Romeo Giovannini

Personal information
- Date of birth: 28 September 2001 (age 24)
- Place of birth: Savona, Italy
- Height: 1.74 m (5 ft 9 in)
- Position: Forward

Team information
- Current team: Vis Pesaro
- Number: 20

Youth career
- 0000–2018: Savona
- 2018–2019: Carpi

Senior career*
- Years: Team / Apps / (Gls)
- 2019–2021: Carpi / 37 / (4)
- 2019–2020: → Savona (loan) / 21 / (3)
- 2021–2025: Modena / 43 / (1)
- 2024: → Virtus Entella (loan) / 14 / (2)
- 2024–2025: → Gubbio (loan) / 10 / (0)
- 2025–: Vis Pesaro / 32 / (1)

= Romeo Giovannini =

Italian footballer (born 2001)

Romeo Giovannini (born 28 September 2001) is an Italian professional footballer who plays as a forward for club Vis Pesaro.

==Club career==
In 2019 he joined to Carpi.
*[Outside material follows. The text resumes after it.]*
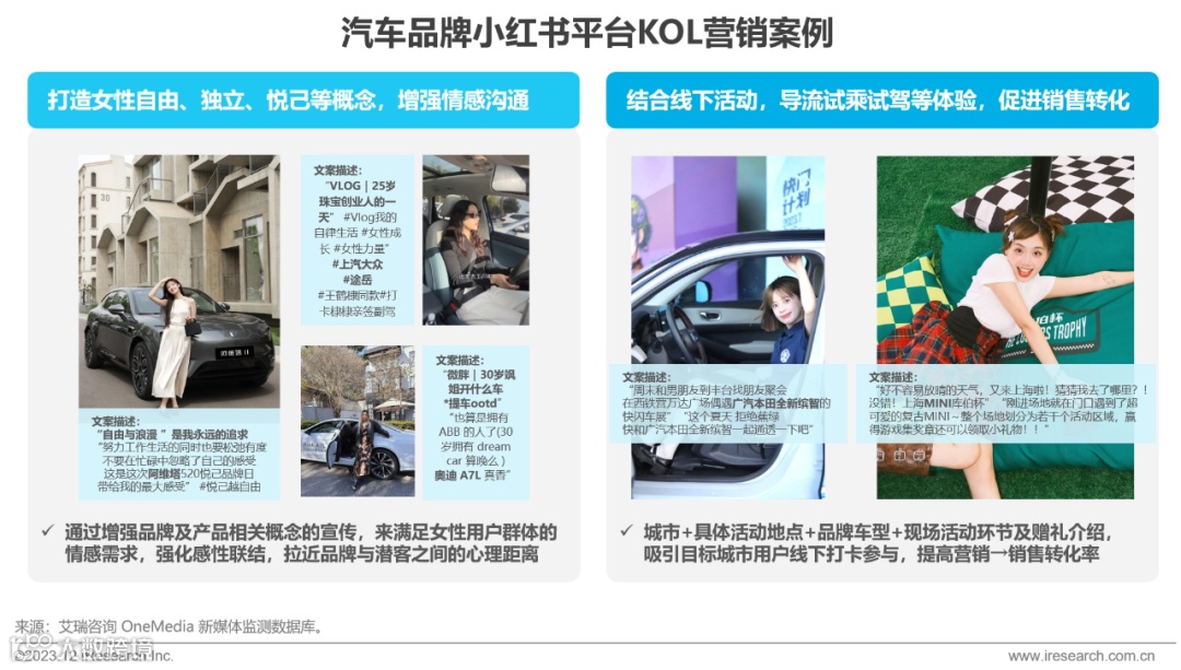 01 行业营销趋势 展示广告 · 2023年1-10月,汽车广告主信心稳定,展示广告投入达59.3亿元。3-5月为投放高峰,受市场“小阳春”效应推动。头部品牌投放趋于谨慎,东风本田、宝马新晋TOP15。移动与OTT端投放占比提升,“大尺寸”广告如长横幅、全屏、信息流广告更受青睐。汽车之家、易车、懂车帝等垂类平台为主要投放阵地。 综艺赞助 · 汽车品牌综艺植入需求上升,前10个月共28个品牌参与,4-8月为高峰期。单品牌单车型植入为主流模式,生活观察类节目仍是重点布局类型。网络综艺赞助比例提升,明星竞演与综合游戏类节目赞助效果更优,凯迪拉克《极限挑战第九季》表现突出。 02 营销策略升级 车企对“品效销三合一”需求增强,数字化营销成为主导。公域与私域协同发力,实现用户全生命周期价值挖掘。 公域渠道策略 · 垂类媒体:覆盖“看、买、用、换”购车全链路,依托用户行为数据实现精准触达。结合测评内容、优惠信息与线下试驾活动,提升转化效率。 · 视频平台:通过KOL种草、综艺/剧集赞助扩大品牌声量;官方账号与达人共创短视频及直播带货,促进销售转化。 · 社交媒体:小红书凭借高女性用户占比和强种草属性,成为女性消费群体沟通主阵地。品牌通过生活化场景内容、热门话题联动及线下活动,强化“自由、独立”情感认同,提升转化率。 私域渠道策略 · 车企借助公域流量入口拓展私域池,以APP、小程序为核心运营阵地,开展精细化用户运营。通过线上线下活动提升活跃度,结合定制化服务挖掘用户长期价值,并依托口碑传播触达更多潜在客户。 |

Giovannini made his professional debut on 27 September 2020 against Sambenedettese for Serie C.

In August 2021, he signed with Modena.

On 30 January 2024, Giovannini moved on loan to Virtus Entella. On 30 August 2024, he was loaned to Gubbio.

On 19 August 2025, Giovannini signed a three-year contract with Vis Pesaro.